Thursday, 11 June 2015

strange_complex: (Dracula 1958 cloak)
I was planning to write about my holiday to Romania today, but then I woke up after a much needed lie-in to the news that Christopher Lee had died, and the truth is it would probably never have occurred to me to want to go to Romania at all if it hadn't been for him. So I will write about him instead.

I've long known that I first saw him in Hammer's Dracula (1958) when I was eight years old, and thanks to the Radio Times online archive I've recently been able to pin that down a little more precisely. On 28th December 1984, BBC Two broadcast a late night double-bill of The Curse of Frankenstein and Dracula. My Dad recorded it on our at that time very new and exciting home video recorder, and soon afterwards (I don't know exactly how soon, but within a few days or weeks, I think) decided that these X-rated films would be suitable viewing for his eight-year-old daughter.

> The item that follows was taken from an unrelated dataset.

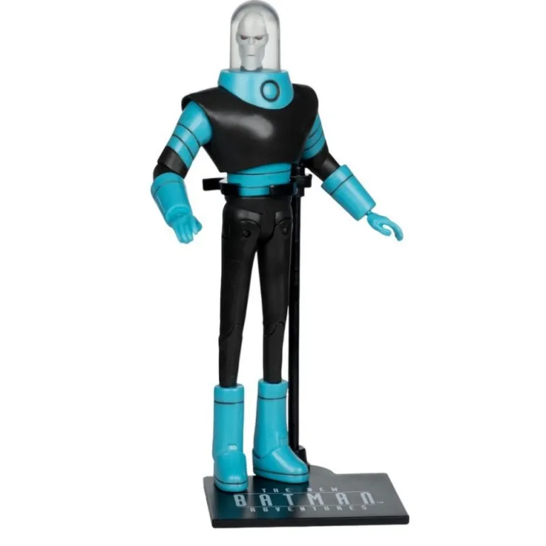 Descubre la impresionante Figura de Mr. Freeze de The New Batman Adventures, una pieza de colección que todo amante del universo DC debe tener. Esta figura articulada de 15 cm refleja el diseño clásico del personaje con un acabado en colores negro y azul brillante. Mr. Freeze lleva su característico traje con un casco transparente, acentuando su apariencia enigmática.

He knew what he was doing. Dracula in particular struck a chord with me which has resonated ever since. Within a year, I had bought and devoured the novel. Within two, I had moved outwards into the wider world of vampire fiction. Within three I had bought my personal horror bible, and was busy working my way through its Vampire chapter with a particular focus on Hammer's other Dracula movies. I have carried on in much the same vein ever since - and it was absolutely definitively Lee's performance as Dracula which started it all.

ad72024.jpg

If it hadn't been for him, I wouldn't have spent my teens steeping myself in Gothic fiction and horror movies. As a result, I would probably never have felt inclined to drift into the Gothic sub-culture in my Bristol days, or have made all the friends I did then and later as a result. I could never have watched The Wicker Man when I got to Oxford, might never have felt the same resonances in the city's May Day celebrations, and would never have had the Wicker Man holiday which [livejournal.com profile] thanatos_kalos and I enjoyed two years ago in Scotland. Indeed, I would never have watched any of the awesome movies on this list - or any of the rubbishy second-rate ones, either, which I have hunted down and sat through (often accompanied by the ever-patient [livejournal.com profile] ms_siobhan) just because he was in them. Nor would I recently have bothered reading all about the real life Vlad III Dracula. My parents going to Romania in 1987 would have meant nothing particular to me, and nor would I have joined the Dracula Society and gone on the holiday there with them which I have just got back from.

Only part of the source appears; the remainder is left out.